The rhizoplane network comprised 152 nodes and 185 edges, spanning nine bacterial phyla, with Actinobacteriota, Proteobacteria, and Firmicutes being the most prevalent (Fig. 6f). Certain ARGs, such as erm35, ermA, blaOXA1, tetS, and tetO-02, were positively correlated with Methyloversatilis (p < 0.05, r > 0.5). In the phyllosphere, the network contained 76 nodes and 146 edges, with erm36, ermA, and tnpA-04 exhibiting the highest host potential (Fig. 6g). Notably, the phyllosphere network lacked the phyla Planctomycetota and Chloroflexi, distinguishing it from the rhizoplane network. In soybean seeds, the network consisted of 99 nodes and 101 edges, encompassing 11 bacterial phyla (Fig. 6h), with Proteobacteria, Firmicutes, and Actinobacteriota being the most prevalent.
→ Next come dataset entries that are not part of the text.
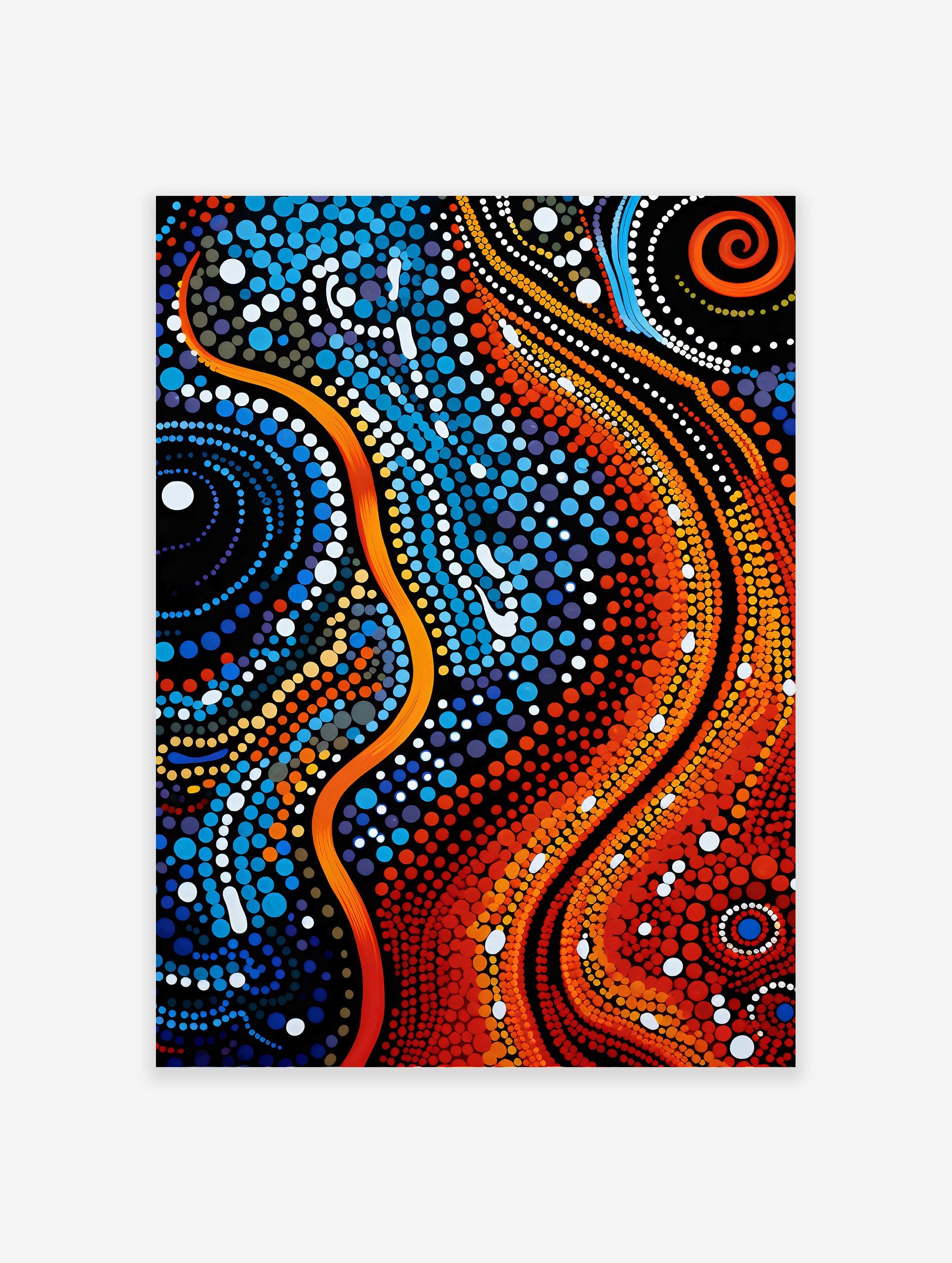 Enhance your walls with our captivating Aboriginal Art Print featuring vibrant abstract dot patterns. Explore our collection of authentic Aboriginal poster to add cultural flair to your space.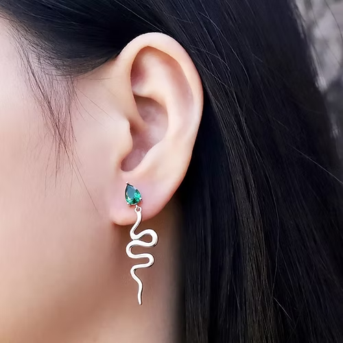 Women 925 Sterling Silver Snake Stud Earrings Green Cubic Zirconia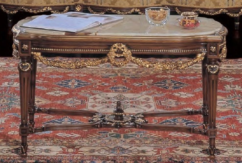 | Description: | Coffee table from the Italian manufacturer Fratelli Radice. The frame is made of solid wood, polished walnut. Carved handmade elements in gilt. Marble Pakistan. Finish as in the photo. |

There was a positive correlation between ARGs and most of the bacteria. Across habitats, Proteobacteria, Firmicutes, Bacteroidota, and Actinobacteriota emerged as the primary potential hosts for ARGs and MGEs, underscoring their critical roles in ARG transmission and dissemination^[51]. ARGs and MGEs demonstrated a symbiotic relationship with bacteria in both soil and soybean systems, with significant overlaps observed between microbial hosts and ARGs. These findings confirm that ARGs can be carried by microbes, transferring from soil to rhizosphere bacteria and subsequently to plant tissues^[16].

In summary, BC effectively reduces ARG abundance in PMF-contaminated soils and inhibits ARG transfer from soil to soybeans. Although PE/BP residues promoted ARG proliferation, BC treatments (especially in-situ straw burning) reduced soil ARGs by up to 49.79%. Importantly, BC effectively inhibited the migration of ARGs from soil to plant leaves. The bioaccumulation factor (BAF) of ARGs in the phyllosphere decreased by 53.76% and 84.83% in the PEB and BPB treatments, respectively. Mechanistically, BC achieves this by altering PMF physicochemical properties and supplementing soil nutrients. Although BC caused short-term soil microbial disturbances, microbial communities recovered within three months without disrupting soil nutrient cycling. Given these findings, a one-size-fits-all straw management approach is inappropriate. Future strategies should account for crop type, burning intensity, and site conditions, with long-term studies needed to clarify ARG dynamics in diverse crops and rotation systems for comprehensive risk assessment.